What you are asked to do ▸
Your answer must be the lines from the top of the listing below through the line that holds "Mexen Kioto+ L", retyped exactly, with no pictures.

Records for processing ▸
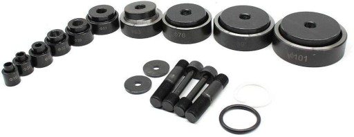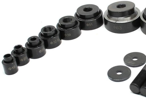 15 ton 10, 15 ton narzędzie tnące 3,5 mm, 25 mm, 10 matryce: 16 mm, 20 mm, 26,2 mm, 32,6 mm, 39 mm, 51 mm, 63 mm, 63 mm, 76 mm, 89 mm, 101 mm, miękka blacha stalowa: maksymalnie 4 mm. Płyta ze stali nierdzewnej: 2 mm.
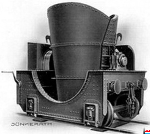 Jünkerather Roheisenpfannenwagen "Longwy" für 12 t Inhalt, normalspurig (Produktkatalog der Jünkerather Gewerkschaft - 1926)
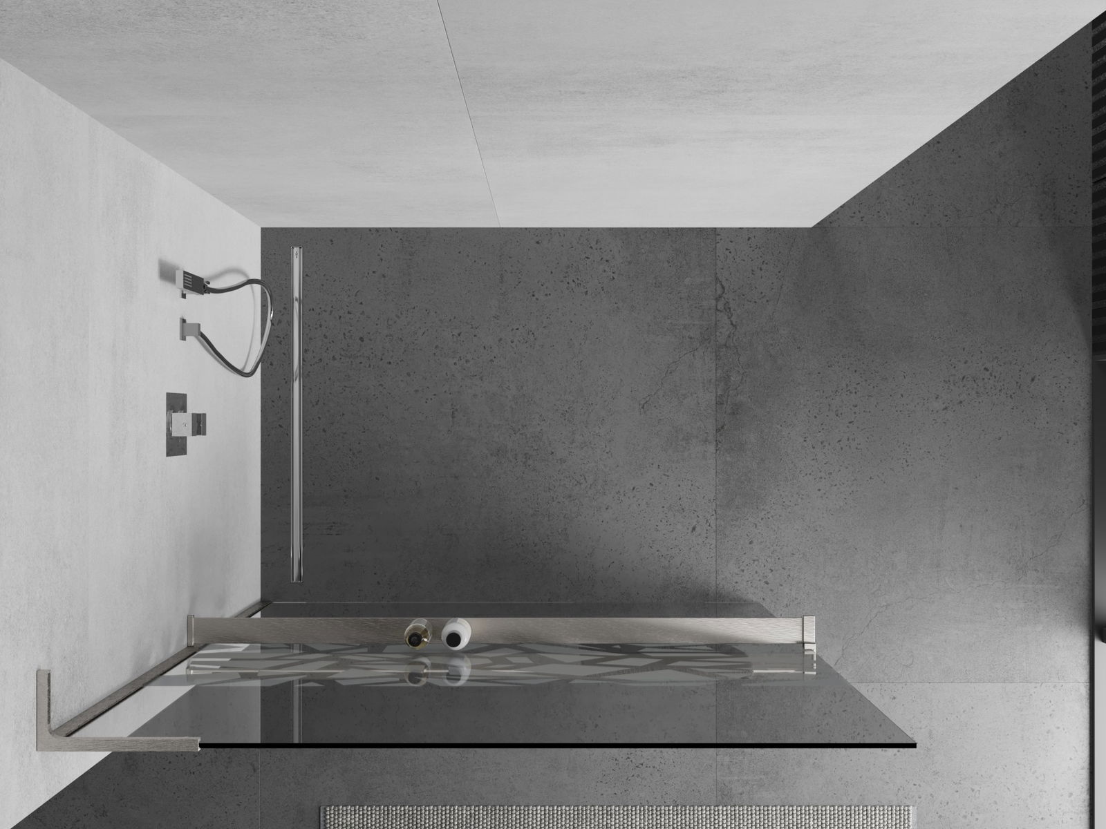 Mexen Kioto+ L dušo sienelė su lentyna Walk-in 70 x 200 cm, baltas raštas, šlifuotas nikelis - 800-070-123-97-85
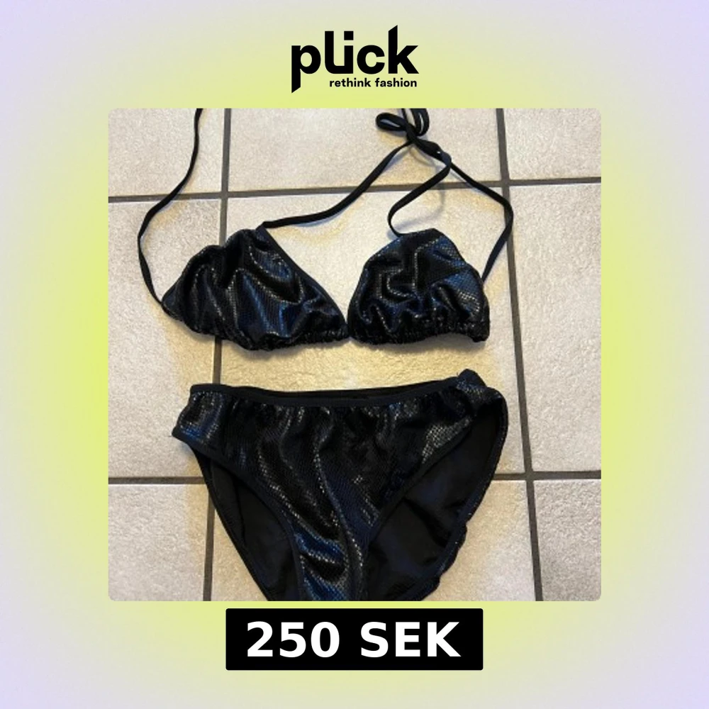 Snygg svart bikini med glittrigt material och trekantsöverdel med knyt i nacken och ryggen. Underdelen har hög midja och samma glittriga finish. Perfekt för dig som vill sticka ut på stranden. Storlek XS/S
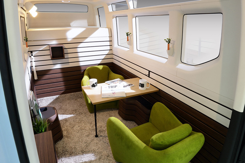Το εμπρός μέρος του τροχόσπιτου διαθέτει ένα κρεβάτι με μήκος μόλις 1,80 μ. που μπορεί να κοιμίσει δύο άτομα. Αυτονόητο είναι πως αν το ύψος του ενός ατόμου είναι μεγαλύτερο του 1,8 μ. θα υπάρχει πρόβλημα. Επίσης υπάρχει μια μικρή κουζίνα και ένα μικρό σαλονάκι επίσης για δύο άτομα.
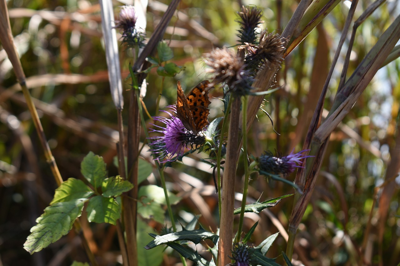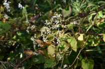「一言」自然教育園にはシロヨメナやアワコガネキク、シラヤマギクなど色々な種類の小菊が咲いていました。ちゃのきの花や タイアザミの花もまだ咲いていました。ムラサキシキブやムサシアブミの実も見られました。蝶々や鴨もいました。 どんぐり児童遊園にはイイギリが赤い実がたくさんつけていました。プラチナ通りや医科研のイチョウが黄葉し始めていました。
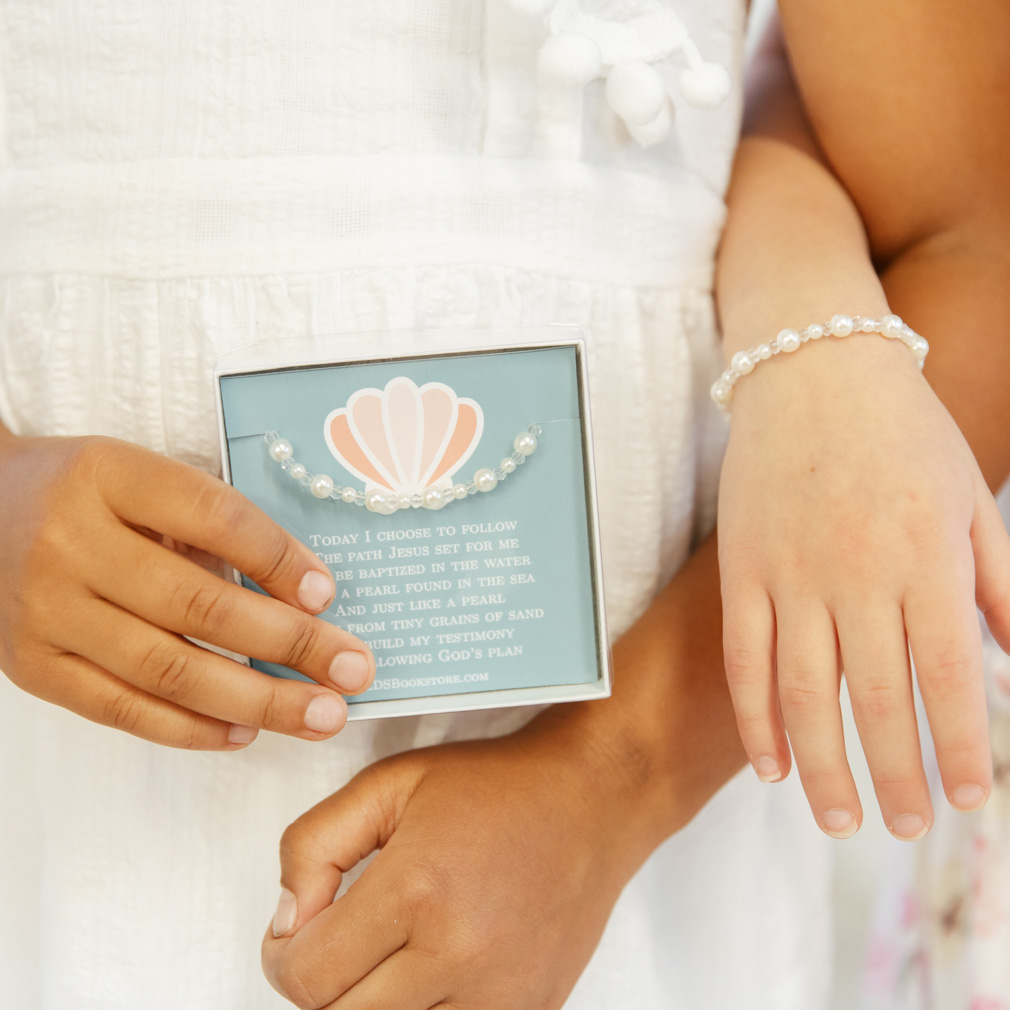 Our pearl baptism bracelets feature faux pearls and clear gems to give an elegant feel to any baptism. We offer two sizes, a small bracelet measuring 6" with the ability to extend to 6 3/4" length and a medium bracelet measuring 7 1/4" with the ability to extend to 8 1/2" length. Celebrate the baptism of any daughter of God with this beautiful pearl baptism bracelet. It features dainty faux pearls and gemstones in a repeating pattern. Each one is packaged in a white gift box with a clear lid....

Answer for this exercise ▸
 15 ton 10, 15 ton narzędzie tnące 3,5 mm, 25 mm, 10 matryce: 16 mm, 20 mm, 26,2 mm, 32,6 mm, 39 mm, 51 mm, 63 mm, 63 mm, 76 mm, 89 mm, 101 mm, miękka blacha stalowa: maksymalnie 4 mm. Płyta ze stali nierdzewnej: 2 mm.
 Jünkerather Roheisenpfannenwagen "Longwy" für 12 t Inhalt, normalspurig (Produktkatalog der Jünkerather Gewerkschaft - 1926)
 Mexen Kioto+ L dušo sienelė su lentyna Walk-in 70 x 200 cm, baltas raštas, šlifuotas nikelis - 800-070-123-97-85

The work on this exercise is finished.